By Sherise Tan

Women across the world are clamouring for change with regards to gender-based price discrimination. The ‘Pink Tax’ is a hidden upcharge that women end up paying for products and services, like razors, dry cleaning, insurance, and other common items.

While on many women’s radar for decades, the concept gained wide attention in 2014, particularly in the United States and France where a national movements called-to-light gender-based pricing. According to Forbes, research done in California found that women spend around $1,351 USD more per year on extra costs and fees. 

The Invisible Costs

In a study done by the New York City Department of Consumer Affairs in 2015, it found that products for women and girls cost 7% more than for men and boys. The study compared prices for over 800 products, and discovered that women paid 8% more for adult clothing; 13% more for personal care products; and 8% more for senior and home health products. 

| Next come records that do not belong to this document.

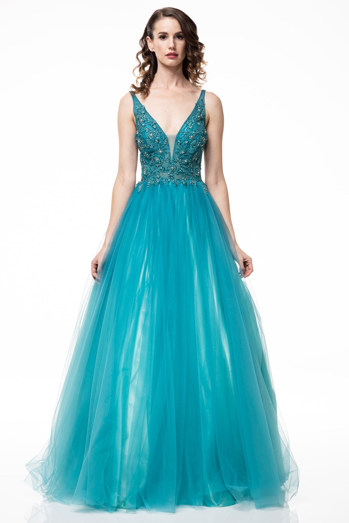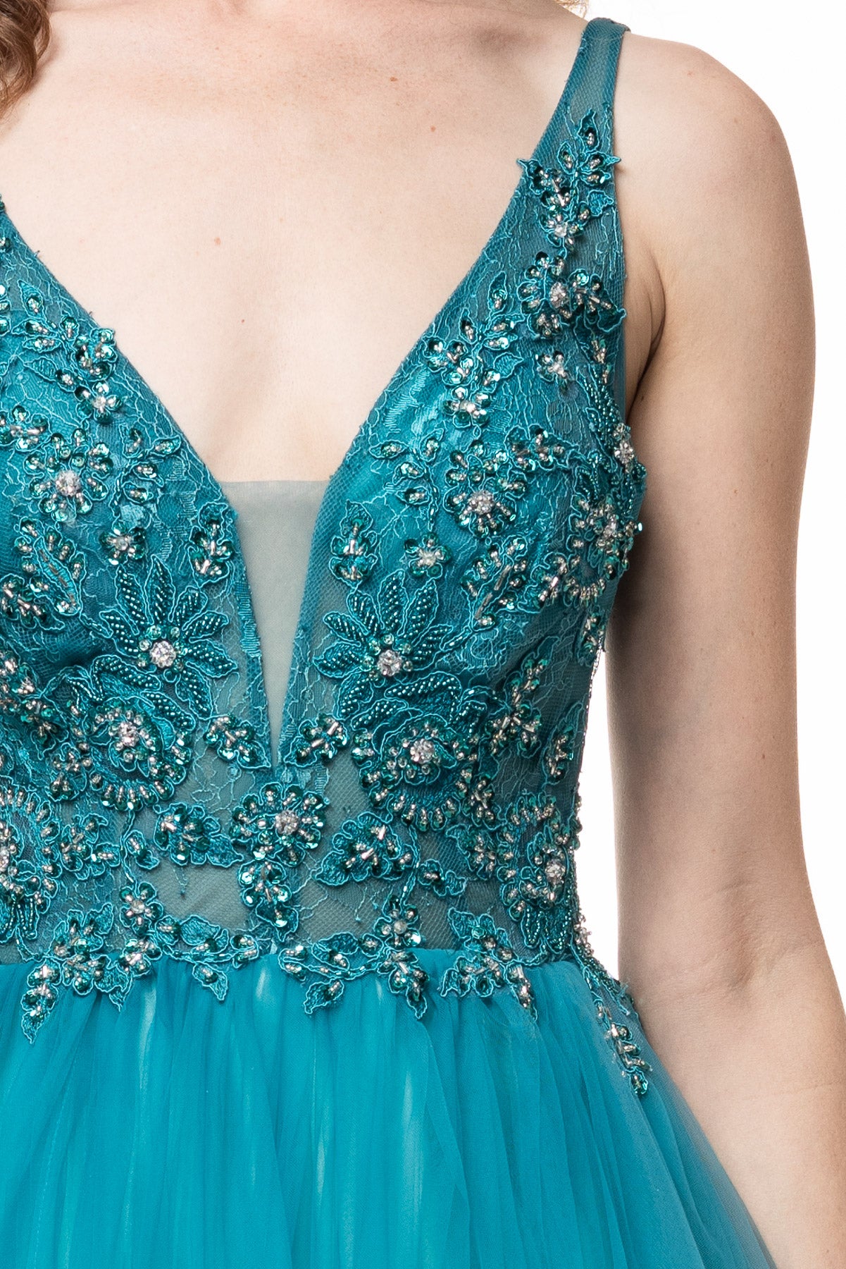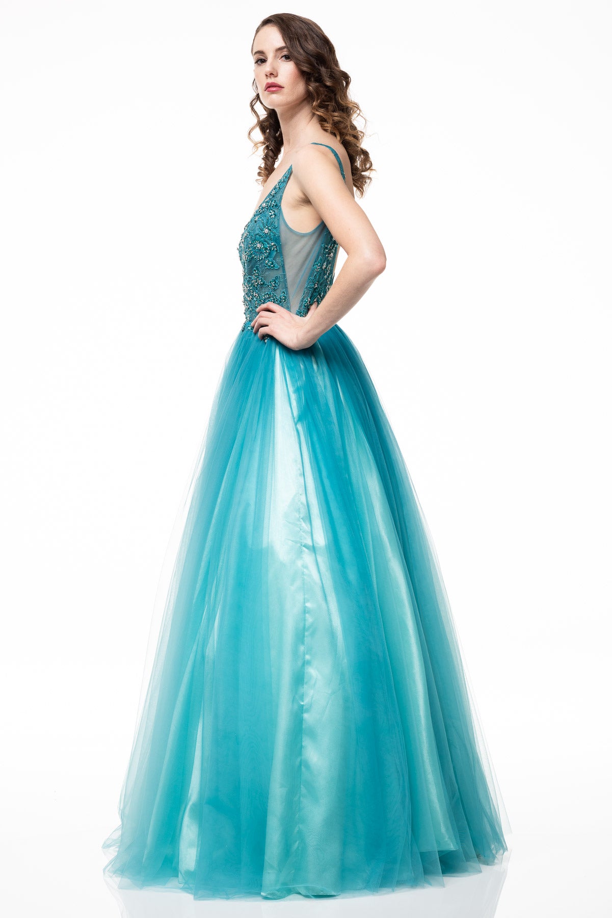 Este hermoso vestido azul turquesa es perfecto para quienes desean destacar con sofisticación y encanto. Su escote profundo en "V" y delicados tirantes realzan la feminidad, mientras que el corsé decorado con bordados y pedrería añade un toque de lujo. La falda de tul en corte princesa fluye con gracia, aportando volumen y movimiento.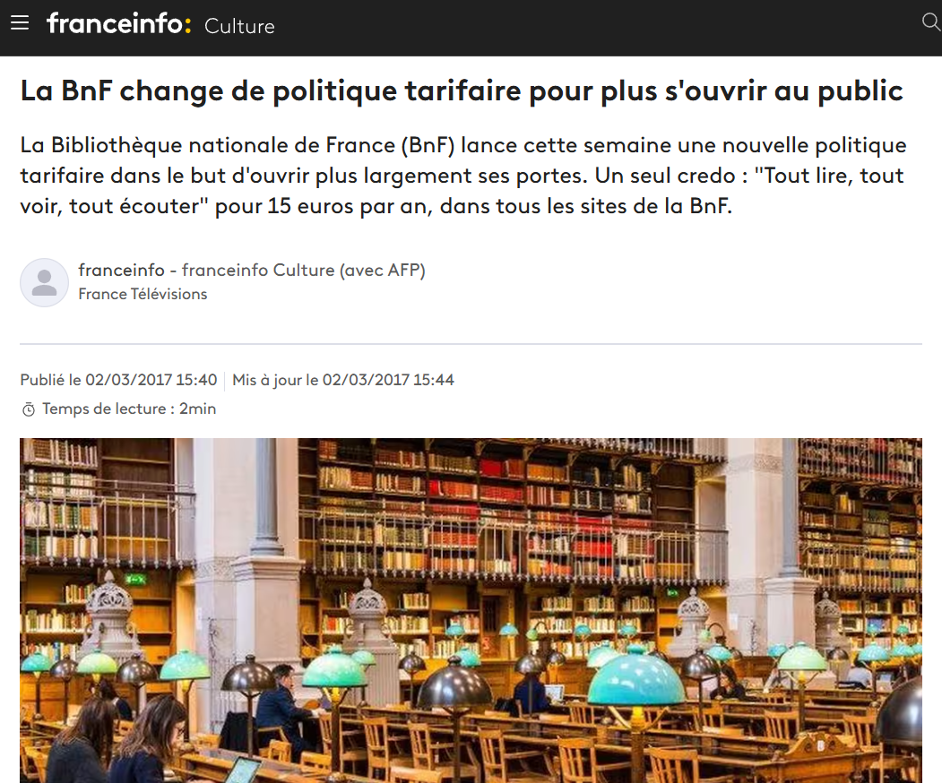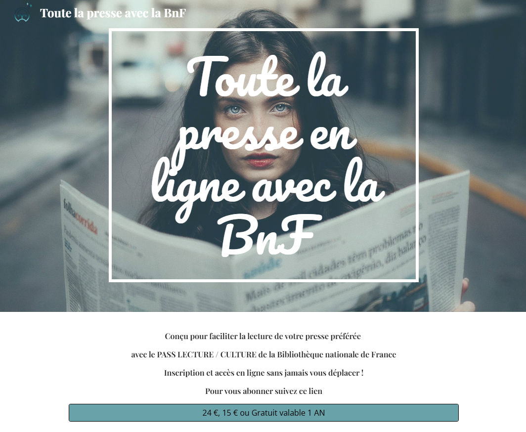 Depuis 2020 et l'irruption du Covid-19, la Bibliothèque nationale de France a renforcé de manière très importante les accès à distance proposés dans le cadre de son abonnement commun, nommé "pass BNF lecture / culture" et lancé sous cette forme en 2017 (avec alors une dépêche AFP). Ces accès à distance permettent aujourd'hui aux 82 000 abonné·es – un quart au plein tarif annuel de 24 euros, un quart gratuitement, la moitié au tarif réduit de 15 euros – de consulter une grande partie de l'offre payante de la presse française, y compris des médias indépendants comme Arrêt sur images ou Mediapart, mais aussi des titres internationaux tels que le New York Times.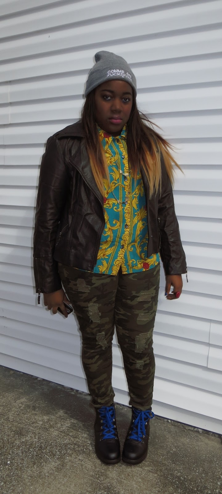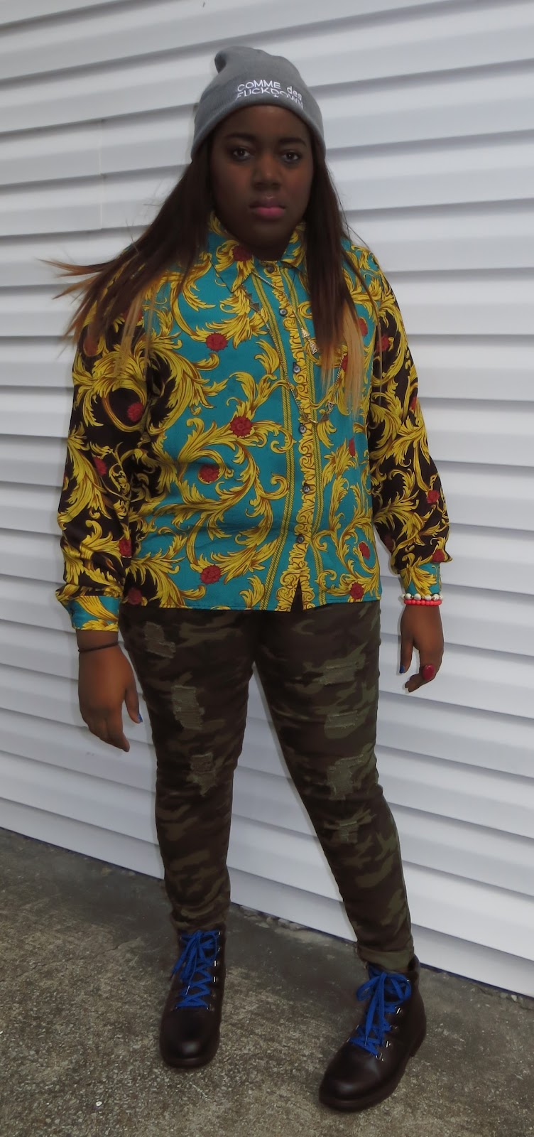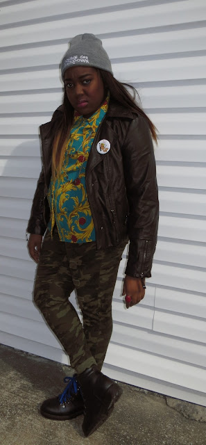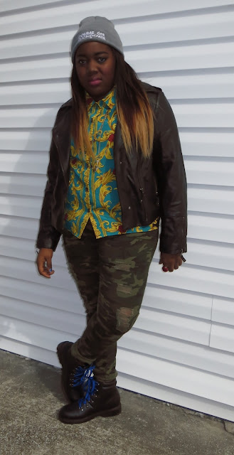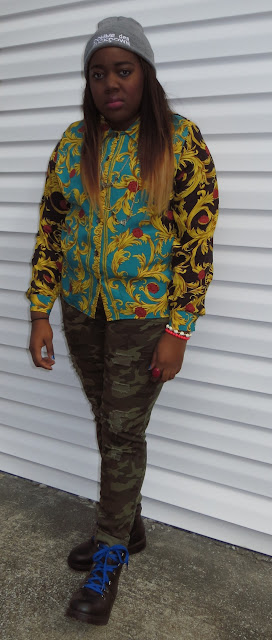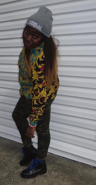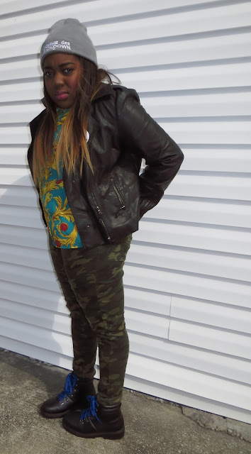 I woke up this morning with no earthly idea what to put on, the weather today was blah so I was sure that my outfit was gonna be blah too. I stumbled across this shirt in my closet and decided to take a chance and clash some prints today. I am absolutely in love with how this outfit turned out. I am all for mix and matching prints especially loud ones. I love how the camo pants take a backseat in this look and become almost a neutral. This shirt is just so amazing. I love the mixture of the gold, black and turquoise together with the spashes of this cranberry color. I feel so 90's Vogue in this shirt, it screams Versace with its baroque print, gold details throughout and the pop of color. This outfit is definitely a head-turner, although I'm sure most people are wondering if I got dressed in the dark. These boots were only $8, what a steal! The contrasting blue laces just make the simple boot look a tad bit more interesting. I swear I won't know what to do when it's too warm to wear beanies, I seriously wear this beanie like its going out of style. Also I'm extremely pleased with my eye make-up today especially since I rarely do it.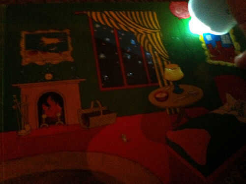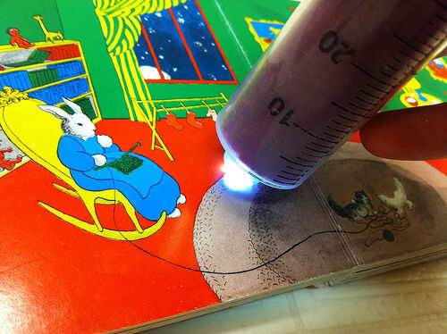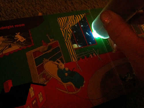 Quería un libro que tenía elementos que brillan intensamente, junto con una luz que se ilumina solamente al presionar la punta contra la página. No he encontrado ninguno, así que les hice yo mismo. Usé un libro que ya tenía, Goodnight Moon, porque Benjamin y Lilith ya lo aman (y tenemos más de una copia).

In Singapore, a survey by the Sunday Times found that products sold in 5 out of 10 companies were more expensive for women than for men. For example, a woman’s razor cost $2 SGD compared to a men’s one at $1 SGD.

Feminine Uprising

This discrepancy was also perpetuated when it came to higher premiums for insurance, where CareShield Life Scheme’s annual premium came out to $206 for men versus $253 for women. This discovery caused uproar in Singapore and prompted an online petition for equal premiums for both sexes, which was signed by 10,000 individuals. 

In other countries, women are also protesting. In the state of California in the U.S., a bill against gender-based price discrimination, which was passed back in 1996, slapped a minimum fine of $1,000 USD on businesses that unfairly charged women more. 

Meanwhile, the ‘tampon tax’ is the new issue that is being hotly debated. In the U.S., tampons and women’s sanitary napkins are subject to a value-added tax, unlike other basic necessities that are tax-exempt. Proponents of the cause are arguing that a woman’s monthly menstruation cycle is not a choice, and thus feminine hygiene products are a necessity along with other groceries and personal medical items, and should not be taxed. 

In Ohio, a $11 million USD class action suit has even been filed to demand a refund against this tampon tax, and pending bills in Ohio and Nevada to remove the tampon tax have been filed. 

Some businesses have taken it upon themselves to correct this price discrepancy. In the U.K., for example, Tesco–one of the major supermarket chains–has slashed the price of women’s razors to make up for price differences. A leading pharmacy brand, Boots, has done the same. In the U.S., brands like Boxed have absorbed the tax on tampons, and ensures that women do not pay more for razors, body wash, and deodorants. American startup Billie also formulates products just for women and adjusts prices to account for the pink tax. 

Navigating the Pink Tax

Now that you know what the Pink Tax is, how you can take steps to avoid these extra costs?

We encourage women to vote with their dollars, by buying men’s versions of certain products, shopping around and using price comparison sites to find the best prices. As a consumer, you can also call out companies who are promoting gender-based price discrepancies through social media and sign petitions to enact change. 

Can you spot the difference?

Proponents of the Pink Tax argue that it is purely based on economics, with many justifying that the pricing is based on supply and demand. For instance, women buy fewer razors than men; less volume means higher prices as manufacturing and shipping costs increase. Others explain that products for women cost more because they are more complex like clothing, for example, or haircuts, thus leading to price differentials. Even health insurance can cost more because women require more services like gynecologist visits, hence the ‘justified’ higher prices. 

Indeed, corporations may toss us “justifications”, hoping to appease us. But they are also sitting quietly waiting for women to turn a blind eye, so that they can continue to rake in the extra dollars – dollars which women have worked so hard to earn. This is the hidden cost that women are bearing, when our dollars should go towards feeding our children, bettering our education, buying what we want to buy at a reasonable and fair market value. 

This, however, is the era of the #metoo movement. Women have learned the strength we hold in our numbers, as well as where we spend our hard-earned cash. This is exactly the kind of thinking we need behind the Pink Tax. Let’s arm ourselves with knowledge and shout it from the rooftops, from the offices where we are working, from the households we are managing. 

Tell your sisters, and your mothers, your friends, and your coworkers. Better yet, tell your friend that works at the paper and the girl with a million followers. Let’s stand together and fight, because this, simply put, is not ok. We need discussion, we need action and we need not accept this. We should not allow for this to continue, because what was once okay, in 2019 is no longer. #STOPPINKTAX. Share it, pin it, post it. Let’s stop it.